The University of Toulon (French: Université de Toulon or UTLN) is a French university located in Toulon, France, and neighboring areas (La Garde, Saint-Raphaël, La Valette and Draguignan). It was founded in 1968 and is organized in 6 faculties, 2 autonomous institutes, an institute of business management and an engineering school.

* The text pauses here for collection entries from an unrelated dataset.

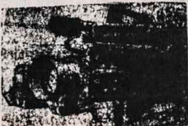
PANASONIC M7 COMCORDER VIDEO FILMAVIMO APARATAI PAL SISTEMAI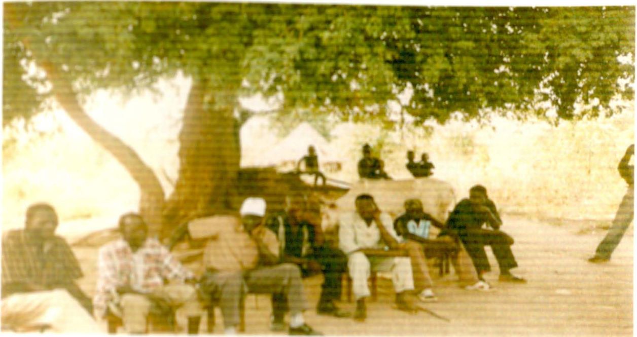
የሽማግሌና ልሳኝ ስርዓት የሚከናወነው ካርታክ ይህንን በመሰለ የዛፍ ጥላ ስር ነው።

መኖር ተቋማት መጠሪያ ሲሆን እንደ ግጭቶች አይነትና መጠን በተለያዩ ደረጃዎች የተቋቋሙ የካርታክ አይነቶችም አሉ። ዝርዝሩ እንደሚከተለው ቀርቦአል።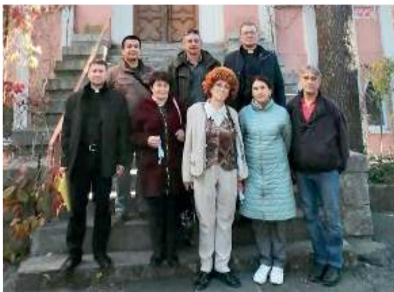
Представители ялтинской общины со священнослужителями ЕЛЦЕР на ступенях церкви св. Марии

остается лишь надеяться на то, что в ближайшее время правда всё же восторжествует и они на уже имеющихся законных основаниях наконец смогут вернуться в свою церковь. ■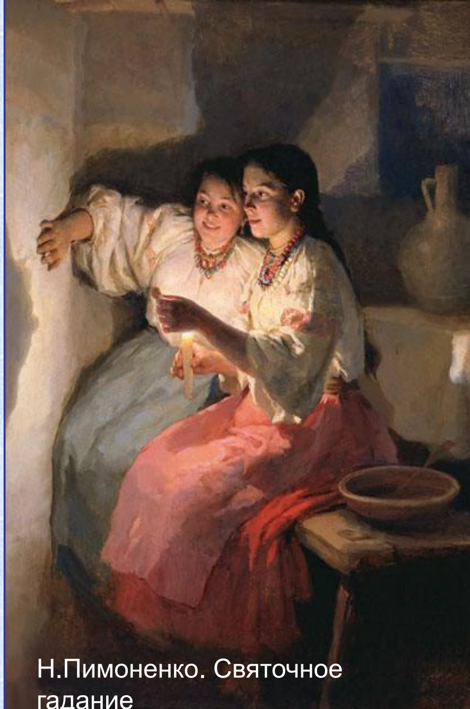
Н.Пимоненко. Святочное гадание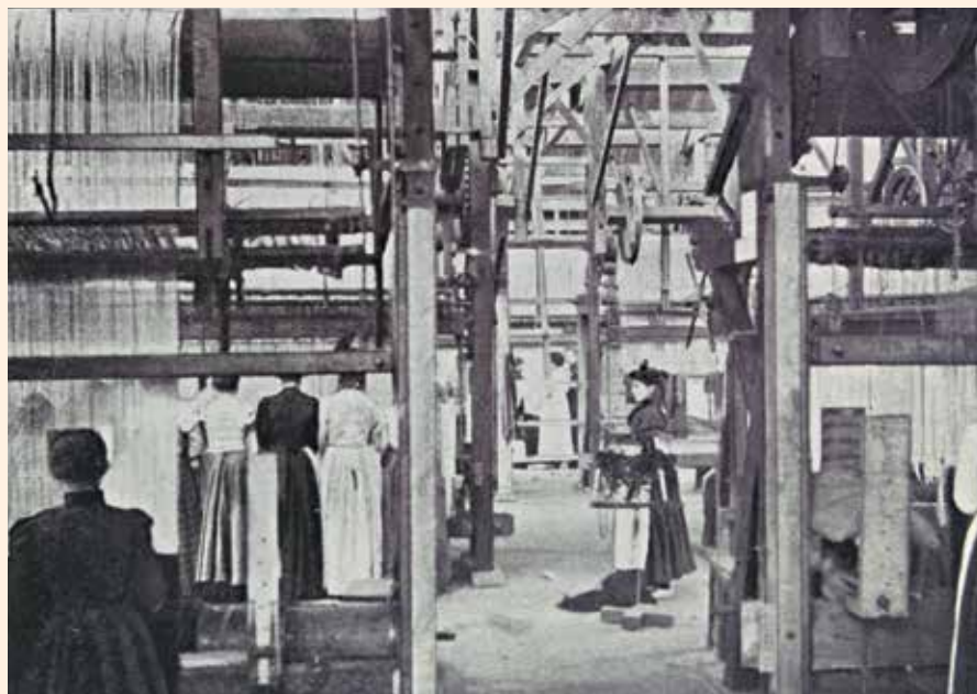
Vrouwen staan aan het werk in de N.V. Amersfoortse tapijtfabriek.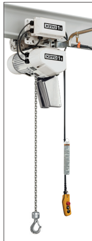
Verniciatura epossidica bianca White epoxy paint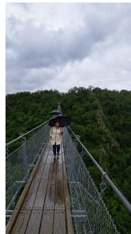
De langste hangbrug van Duitsland Geierlay. (helaas een regendag)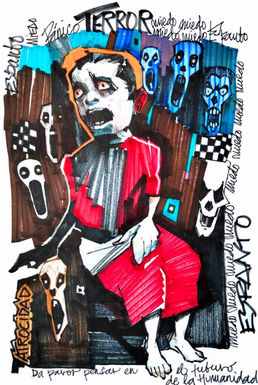
The human terror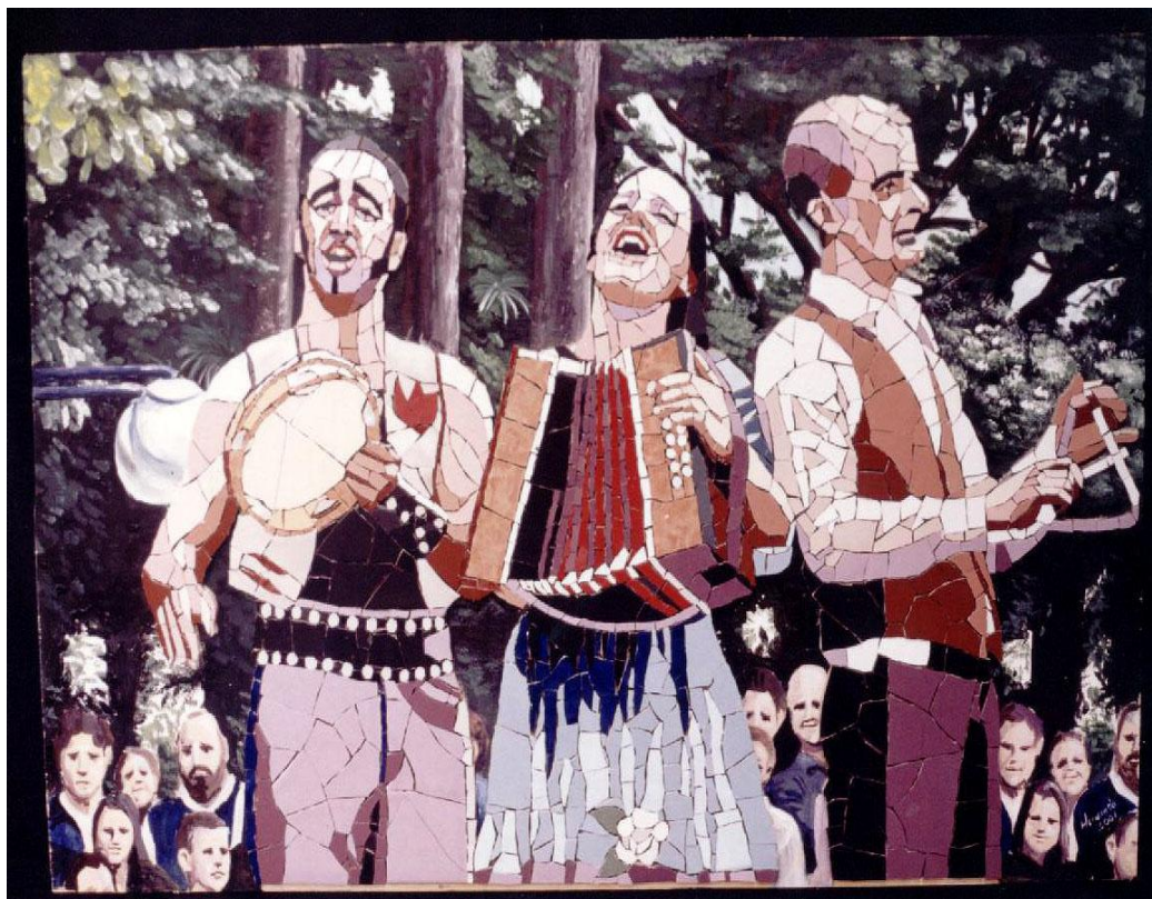
Figura 6 – Os enganadores da morte.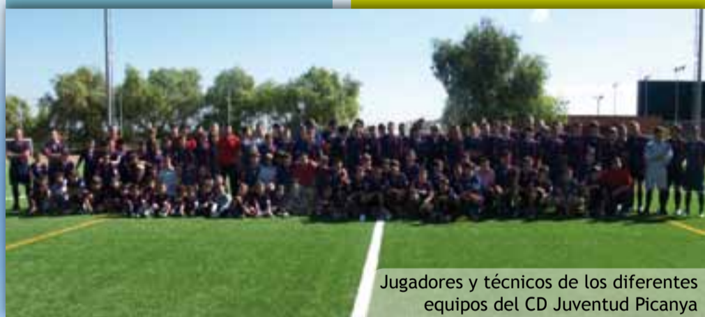
Jugadores y técnicos de los diferentes equipos del CD Juventud Picanya

Los nueve equipos con los que cuenta la entidad se presentaron entre música y los aplausos de la afición y se conjuraron para sacar el máximo partido a este nuevo césped sobre el que piensan ofrecer lo mejor de cada uno y llevar el fútbol picanyero a lo más alto posible. Entusiasmo y ganas, a tenor de lo visto, no les faltan y el trabajo, está garantizado.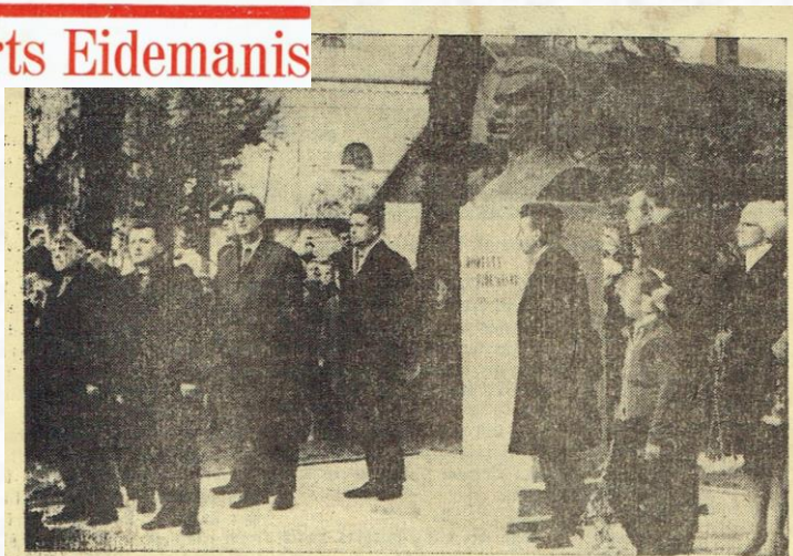
Pirmsjubiļes dienās Valkā atklāja pieminekli izcilajam karavadonim, rakstniekam revolucionāram, mūsu novadniekam Robertam Eidemanim. Sirsnīgajā mitīgā (altēlā) piedalījās arī republikas rakstnieki un dzejnieki. Šim brīdim tapa Ziedoņa Purva dzejolis – «Mūsu paldies».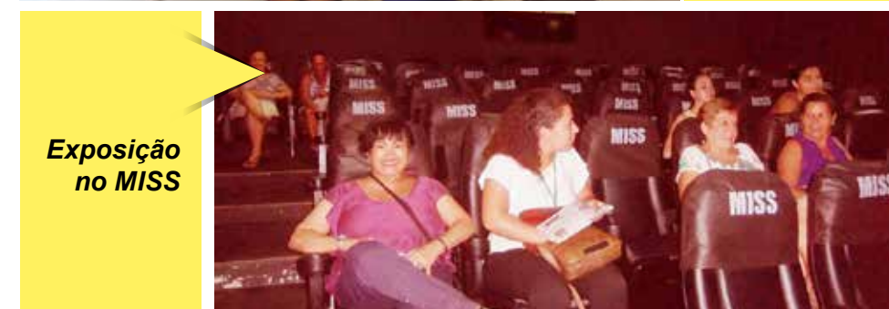
Exposição no MISS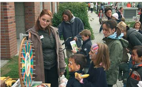
Frisches Obst in Bio-Qualität gab's am Tegut-Glücksrad zu gewinnen.

Anders als im Vorjahr kam das Kuchenbuffet diesmal von Tegut. Die in Deutschlands Mitte stark vertretene Kette eröffnet im November den lang erwarteten Supermarkt für das Viertel.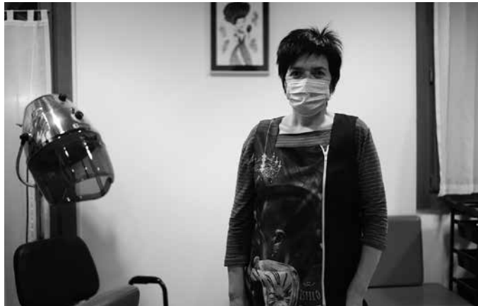
“Azken aste hauetan jende gehiago etorri da ilea moztera, badaezpada”.

Nahikoa normaldu dela bai esango nuke, baina ez erabat. Ez da berdina. Nik uste dut dena erabat normalizatu arte, eta pandemiaren kontua iragan bilakatu arte, ez garela erabateko normaltasunera itzuliko, eta gerora ere nire dudak dauzkat. Lehen noiznahi etortzen ziren bezeroak zerbait zuten bakoitzean: alaba etxera bazkaltzera datorrela, lagunekin bazkaria dutela,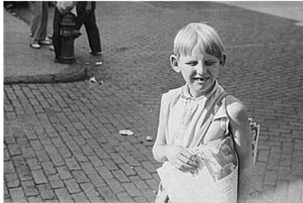
17. Irudia: Ben Shahn, Egunkaria saltzen duen umea , Newark, Ohio, 1938

Ben Shahn-ek injustizia eta bidegabekeria gorroto zituen. Kontzientzia sozial hau, bihozberatasuna eta justizia zentzua etorkin bat izateak eta langile mugimendu aurrerakoiaren partaide izateak beharbada indartu egin zuen. Artea batez ere mezu sozial bat bidaltzeko bide gisa ikusten zuen eta bere lan alegorikoetan gerra, holokausto nuklearra, langile eskubideak, gizarte justizia, zentsura, eta aurrerapen teknologikoaren arriskua bezalako gaiak erabili zituen.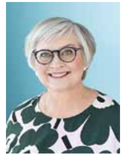
Kirjoittaja on eduskunnan puhemies.

Kiitos työstänne valon ja toivon vahvistamiseksi!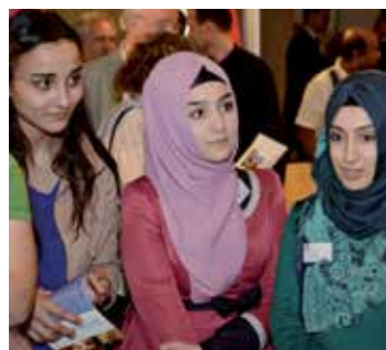
... muslimisch-jüdisches Gespräch ...

Unités de Formation et de Recherche
In the French system, an UFR ("Unité de formation et de recherche") or Research and Education Unit offers both undergraduate and graduate programs. Each UFR is governed by a director elected from the department and heads over a council of elected professors who control its curriculum.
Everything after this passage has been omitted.